■ TRY IT
Using the listing below, copy exactly each line from the one that has "منكم، قال ابن" through the one that has "Freshwater Pearl Set"; omit the pictures.

■ INFORMATION SHOWN
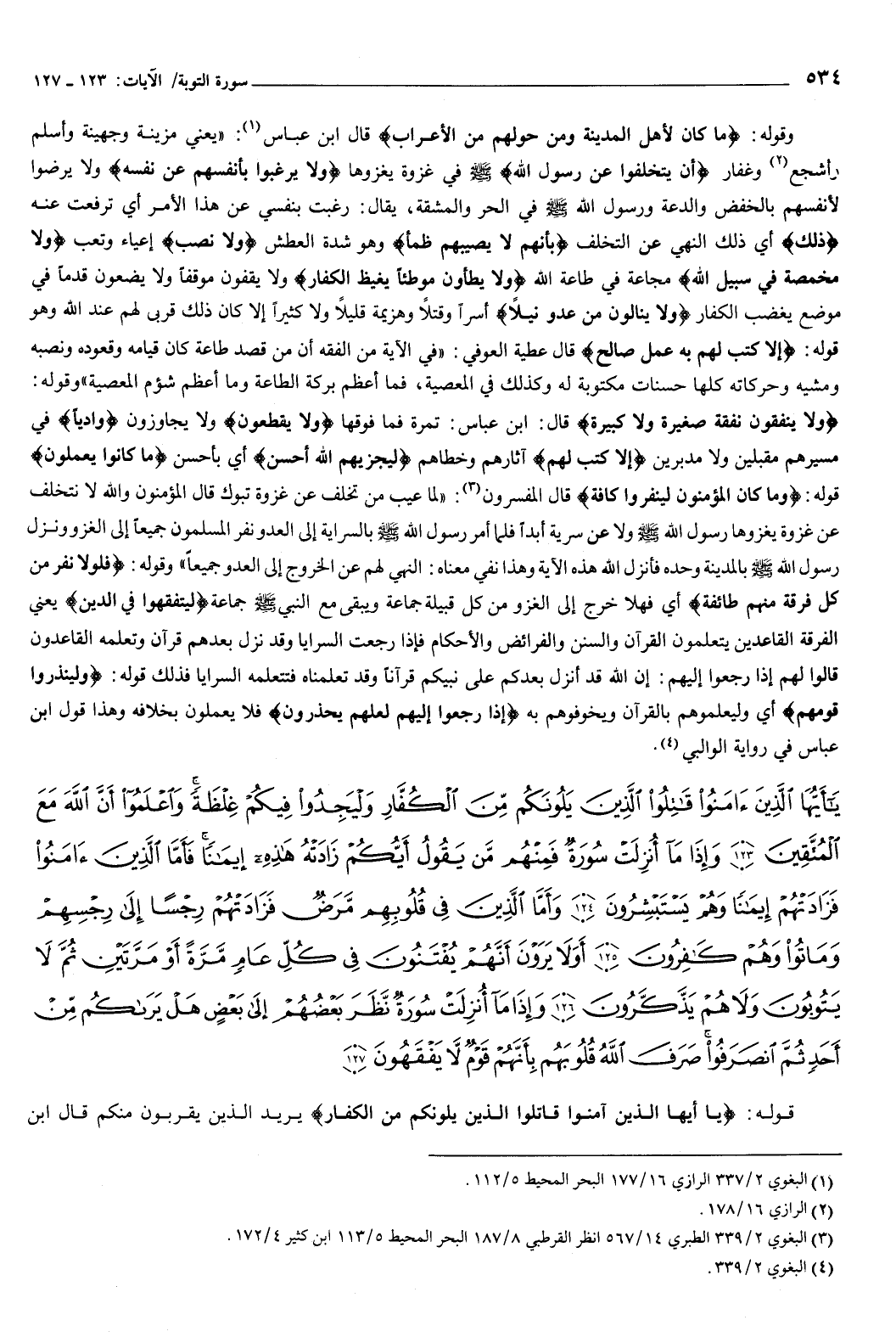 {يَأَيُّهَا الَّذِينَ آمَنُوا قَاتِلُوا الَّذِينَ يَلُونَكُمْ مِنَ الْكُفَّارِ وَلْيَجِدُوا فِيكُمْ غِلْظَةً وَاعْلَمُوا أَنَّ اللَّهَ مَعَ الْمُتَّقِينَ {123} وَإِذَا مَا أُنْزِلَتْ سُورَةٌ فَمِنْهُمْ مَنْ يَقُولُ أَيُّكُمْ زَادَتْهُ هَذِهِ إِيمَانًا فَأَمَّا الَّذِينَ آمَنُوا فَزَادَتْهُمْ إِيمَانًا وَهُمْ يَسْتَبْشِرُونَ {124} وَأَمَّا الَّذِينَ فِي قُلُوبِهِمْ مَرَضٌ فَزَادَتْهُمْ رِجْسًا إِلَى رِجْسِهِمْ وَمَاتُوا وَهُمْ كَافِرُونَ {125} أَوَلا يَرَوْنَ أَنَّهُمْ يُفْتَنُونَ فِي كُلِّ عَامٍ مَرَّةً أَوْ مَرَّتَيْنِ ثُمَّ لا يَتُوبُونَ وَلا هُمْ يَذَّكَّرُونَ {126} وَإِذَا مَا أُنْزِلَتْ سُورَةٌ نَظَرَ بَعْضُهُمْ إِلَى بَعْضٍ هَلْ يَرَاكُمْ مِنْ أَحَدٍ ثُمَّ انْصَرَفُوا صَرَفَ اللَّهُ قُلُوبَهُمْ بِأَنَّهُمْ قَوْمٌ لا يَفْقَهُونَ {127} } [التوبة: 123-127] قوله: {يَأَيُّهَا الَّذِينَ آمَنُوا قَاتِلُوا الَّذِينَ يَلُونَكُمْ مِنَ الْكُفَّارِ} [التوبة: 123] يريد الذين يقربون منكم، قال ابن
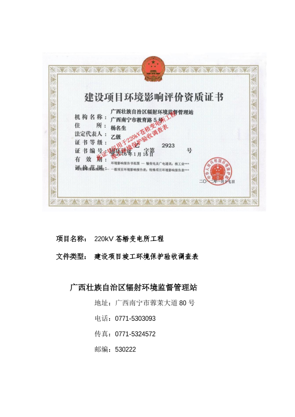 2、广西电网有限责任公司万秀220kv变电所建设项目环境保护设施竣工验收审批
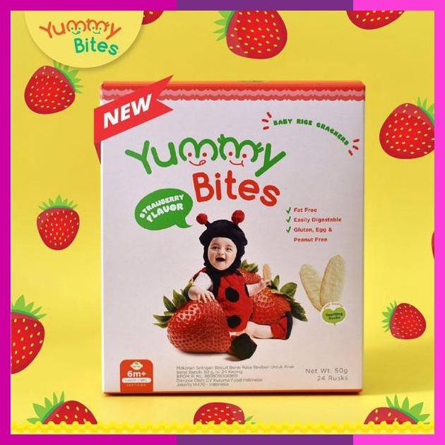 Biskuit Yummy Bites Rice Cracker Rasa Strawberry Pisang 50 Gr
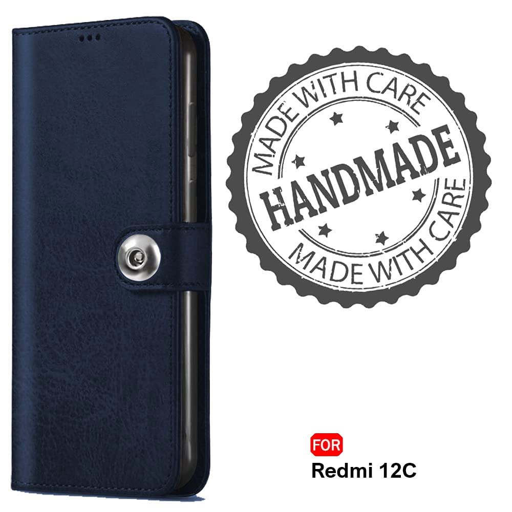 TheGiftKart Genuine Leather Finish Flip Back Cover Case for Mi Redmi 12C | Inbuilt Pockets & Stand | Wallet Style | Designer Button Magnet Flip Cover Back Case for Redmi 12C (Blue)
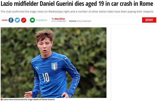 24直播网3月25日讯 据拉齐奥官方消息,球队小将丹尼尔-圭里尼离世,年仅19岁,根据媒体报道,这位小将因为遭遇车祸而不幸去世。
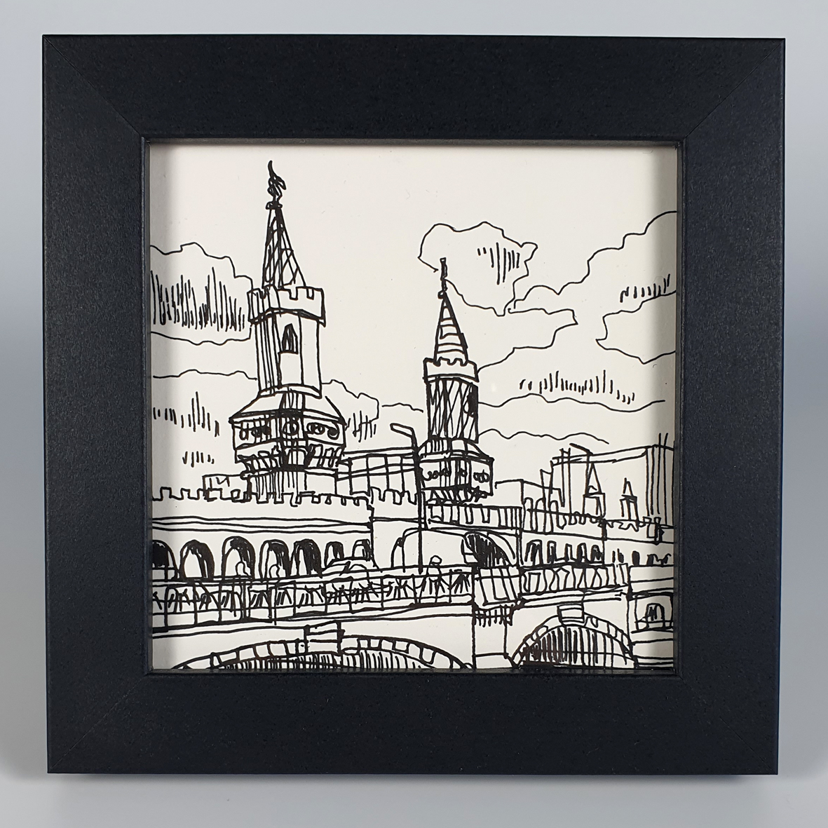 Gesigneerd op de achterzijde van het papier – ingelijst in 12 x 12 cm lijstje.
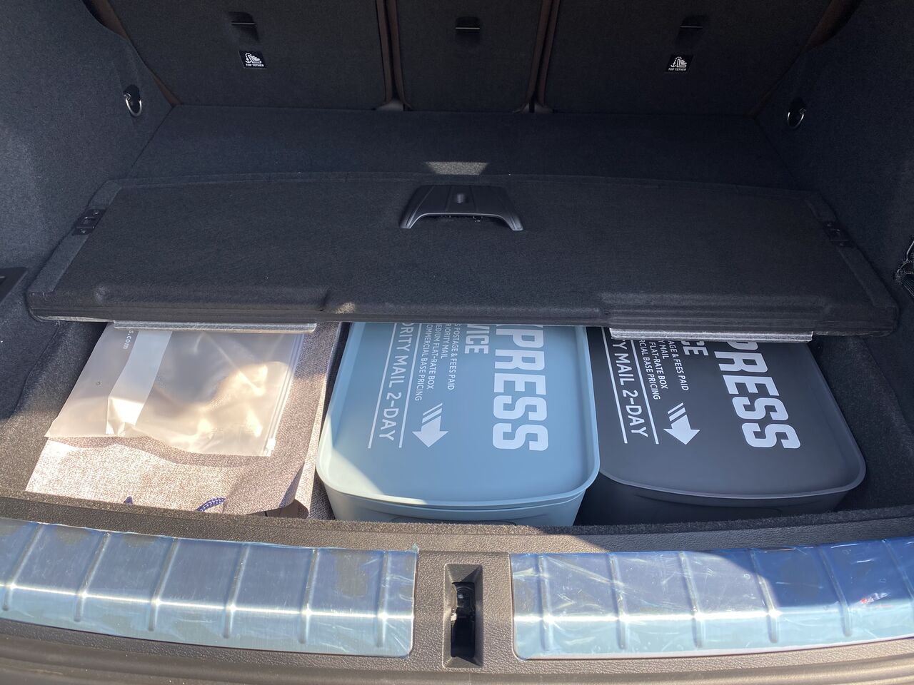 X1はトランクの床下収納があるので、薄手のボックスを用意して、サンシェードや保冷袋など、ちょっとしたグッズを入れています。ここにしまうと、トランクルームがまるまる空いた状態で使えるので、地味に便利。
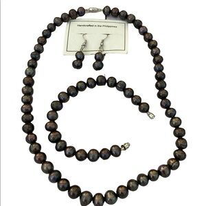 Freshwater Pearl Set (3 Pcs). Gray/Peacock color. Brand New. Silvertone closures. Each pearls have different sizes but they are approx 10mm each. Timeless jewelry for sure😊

---

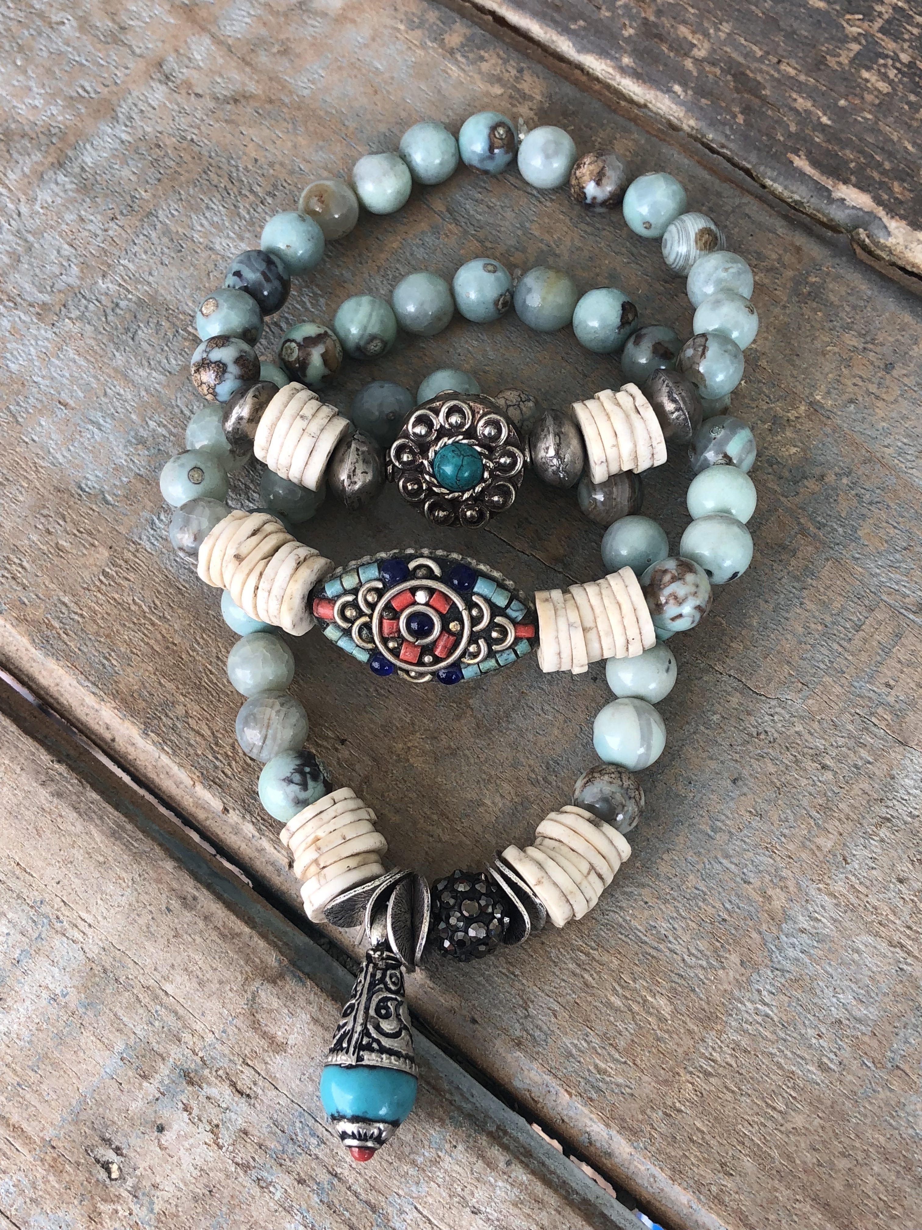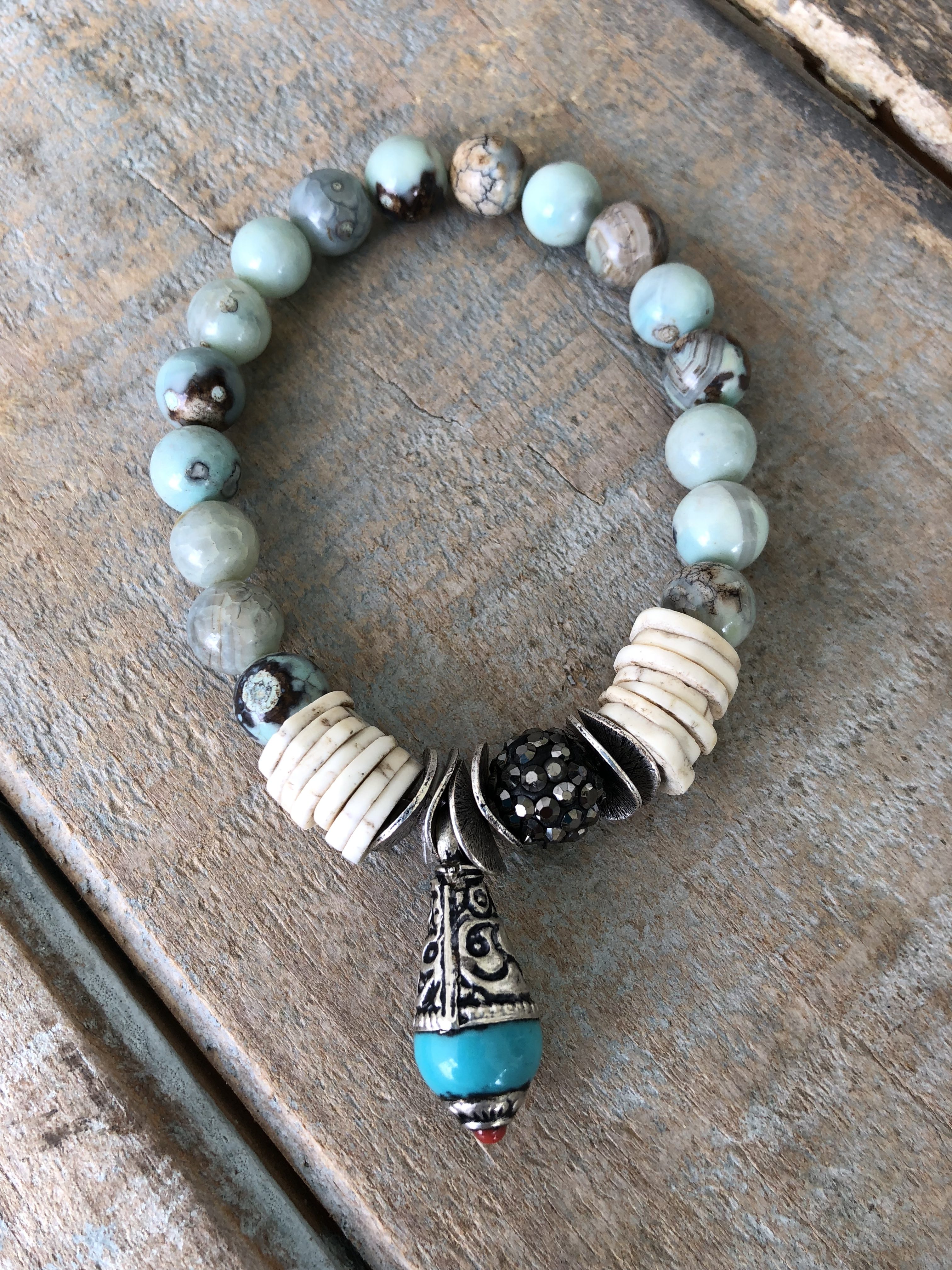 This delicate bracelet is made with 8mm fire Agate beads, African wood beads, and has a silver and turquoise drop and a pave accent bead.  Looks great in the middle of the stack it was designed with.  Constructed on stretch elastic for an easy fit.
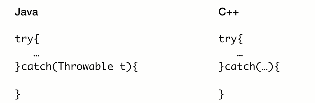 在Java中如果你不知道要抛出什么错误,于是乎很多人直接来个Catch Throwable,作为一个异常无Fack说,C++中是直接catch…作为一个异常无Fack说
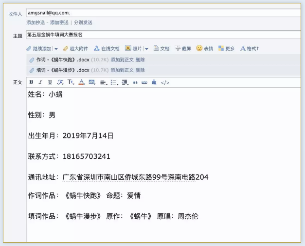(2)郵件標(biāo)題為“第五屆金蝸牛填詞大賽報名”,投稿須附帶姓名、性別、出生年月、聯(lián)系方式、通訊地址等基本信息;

■ TASK ANSWER
 {يَأَيُّهَا الَّذِينَ آمَنُوا قَاتِلُوا الَّذِينَ يَلُونَكُمْ مِنَ الْكُفَّارِ وَلْيَجِدُوا فِيكُمْ غِلْظَةً وَاعْلَمُوا أَنَّ اللَّهَ مَعَ الْمُتَّقِينَ {123} وَإِذَا مَا أُنْزِلَتْ سُورَةٌ فَمِنْهُمْ مَنْ يَقُولُ أَيُّكُمْ زَادَتْهُ هَذِهِ إِيمَانًا فَأَمَّا الَّذِينَ آمَنُوا فَزَادَتْهُمْ إِيمَانًا وَهُمْ يَسْتَبْشِرُونَ {124} وَأَمَّا الَّذِينَ فِي قُلُوبِهِمْ مَرَضٌ فَزَادَتْهُمْ رِجْسًا إِلَى رِجْسِهِمْ وَمَاتُوا وَهُمْ كَافِرُونَ {125} أَوَلا يَرَوْنَ أَنَّهُمْ يُفْتَنُونَ فِي كُلِّ عَامٍ مَرَّةً أَوْ مَرَّتَيْنِ ثُمَّ لا يَتُوبُونَ وَلا هُمْ يَذَّكَّرُونَ {126} وَإِذَا مَا أُنْزِلَتْ سُورَةٌ نَظَرَ بَعْضُهُمْ إِلَى بَعْضٍ هَلْ يَرَاكُمْ مِنْ أَحَدٍ ثُمَّ انْصَرَفُوا صَرَفَ اللَّهُ قُلُوبَهُمْ بِأَنَّهُمْ قَوْمٌ لا يَفْقَهُونَ {127} } [التوبة: 123-127] قوله: {يَأَيُّهَا الَّذِينَ آمَنُوا قَاتِلُوا الَّذِينَ يَلُونَكُمْ مِنَ الْكُفَّارِ} [التوبة: 123] يريد الذين يقربون منكم، قال ابن
 2、广西电网有限责任公司万秀220kv变电所建设项目环境保护设施竣工验收审批
 Biskuit Yummy Bites Rice Cracker Rasa Strawberry Pisang 50 Gr
 TheGiftKart Genuine Leather Finish Flip Back Cover Case for Mi Redmi 12C | Inbuilt Pockets & Stand | Wallet Style | Designer Button Magnet Flip Cover Back Case for Redmi 12C (Blue)
 24直播网3月25日讯 据拉齐奥官方消息,球队小将丹尼尔-圭里尼离世,年仅19岁,根据媒体报道,这位小将因为遭遇车祸而不幸去世。
 Gesigneerd op de achterzijde van het papier – ingelijst in 12 x 12 cm lijstje.
 X1はトランクの床下収納があるので、薄手のボックスを用意して、サンシェードや保冷袋など、ちょっとしたグッズを入れています。ここにしまうと、トランクルームがまるまる空いた状態で使えるので、地味に便利。
 Freshwater Pearl Set (3 Pcs). Gray/Peacock color. Brand New. Silvertone closures. Each pearls have different sizes but they are approx 10mm each. Timeless jewelry for sure😊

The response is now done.